(What is expected): Please repeat exactly the lines below from the one containing "Robe chemise fendue sans ceinture" down to the one containing "バーバリーロンドン コート用ライナー サイズ46 日本製 ユーズド品", both included, and nothing else.

(Listed entries):

· · ·

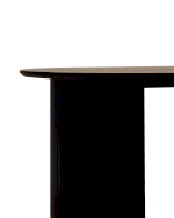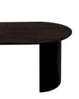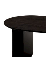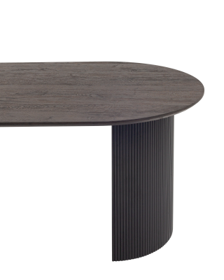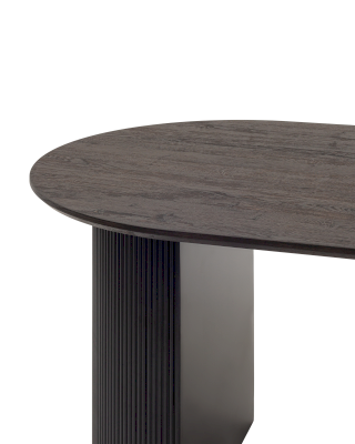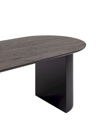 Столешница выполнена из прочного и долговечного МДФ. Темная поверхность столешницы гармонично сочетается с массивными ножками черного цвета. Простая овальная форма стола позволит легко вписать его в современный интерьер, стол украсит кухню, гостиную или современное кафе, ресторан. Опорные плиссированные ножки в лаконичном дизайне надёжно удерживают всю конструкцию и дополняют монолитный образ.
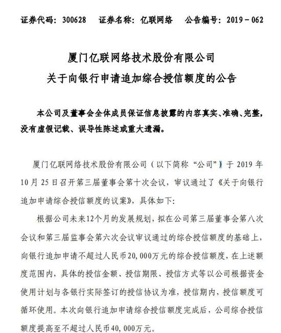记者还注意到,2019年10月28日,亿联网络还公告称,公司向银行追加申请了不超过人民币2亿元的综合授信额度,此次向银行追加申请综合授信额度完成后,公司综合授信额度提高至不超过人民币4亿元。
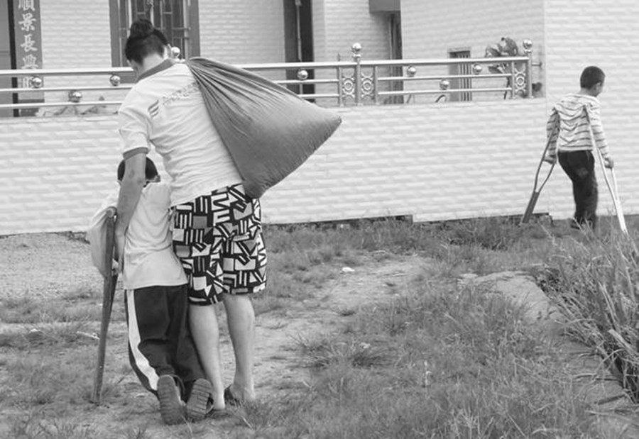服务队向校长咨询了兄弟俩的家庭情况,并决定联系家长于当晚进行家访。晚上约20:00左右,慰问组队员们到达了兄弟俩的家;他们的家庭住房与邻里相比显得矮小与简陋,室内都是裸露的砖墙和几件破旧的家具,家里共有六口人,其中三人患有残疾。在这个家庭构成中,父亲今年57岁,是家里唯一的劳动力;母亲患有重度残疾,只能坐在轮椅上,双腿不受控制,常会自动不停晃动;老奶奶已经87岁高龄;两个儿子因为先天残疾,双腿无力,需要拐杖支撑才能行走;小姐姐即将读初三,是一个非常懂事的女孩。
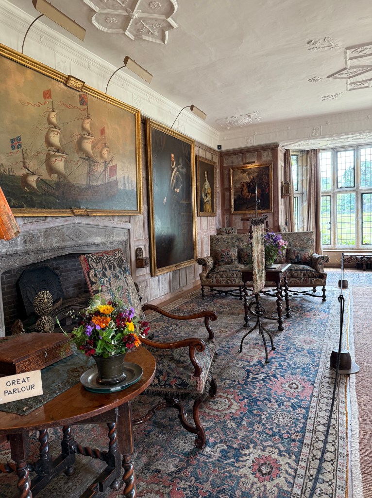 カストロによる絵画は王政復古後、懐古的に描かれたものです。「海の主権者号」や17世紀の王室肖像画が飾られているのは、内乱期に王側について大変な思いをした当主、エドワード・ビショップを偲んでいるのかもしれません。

· · ·

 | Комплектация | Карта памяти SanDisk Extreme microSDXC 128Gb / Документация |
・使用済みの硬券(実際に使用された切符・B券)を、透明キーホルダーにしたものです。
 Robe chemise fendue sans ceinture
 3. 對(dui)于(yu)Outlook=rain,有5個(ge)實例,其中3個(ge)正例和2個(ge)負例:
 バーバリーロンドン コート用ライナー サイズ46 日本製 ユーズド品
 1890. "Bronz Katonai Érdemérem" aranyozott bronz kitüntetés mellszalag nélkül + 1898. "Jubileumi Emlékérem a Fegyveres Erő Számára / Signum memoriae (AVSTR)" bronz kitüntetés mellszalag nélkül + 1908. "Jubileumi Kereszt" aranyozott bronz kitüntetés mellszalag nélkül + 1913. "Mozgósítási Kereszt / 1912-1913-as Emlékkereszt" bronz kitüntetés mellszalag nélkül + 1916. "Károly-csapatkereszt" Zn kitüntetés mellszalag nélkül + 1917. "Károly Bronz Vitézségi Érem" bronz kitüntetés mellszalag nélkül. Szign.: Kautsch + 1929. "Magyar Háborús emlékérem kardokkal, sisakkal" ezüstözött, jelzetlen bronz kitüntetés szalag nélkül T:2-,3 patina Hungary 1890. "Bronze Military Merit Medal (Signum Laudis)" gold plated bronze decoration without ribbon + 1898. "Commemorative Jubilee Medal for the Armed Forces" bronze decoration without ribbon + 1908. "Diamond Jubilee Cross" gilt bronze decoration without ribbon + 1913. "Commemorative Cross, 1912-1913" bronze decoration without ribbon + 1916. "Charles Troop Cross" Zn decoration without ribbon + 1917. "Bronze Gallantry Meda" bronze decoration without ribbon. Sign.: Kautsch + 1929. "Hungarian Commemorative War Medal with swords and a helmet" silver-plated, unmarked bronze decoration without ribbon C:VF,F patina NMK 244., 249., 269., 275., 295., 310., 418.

· · ·

(Written response):
 Robe chemise fendue sans ceinture
 3. 對(dui)于(yu)Outlook=rain,有5個(ge)實例,其中3個(ge)正例和2個(ge)負例:
 バーバリーロンドン コート用ライナー サイズ46 日本製 ユーズド品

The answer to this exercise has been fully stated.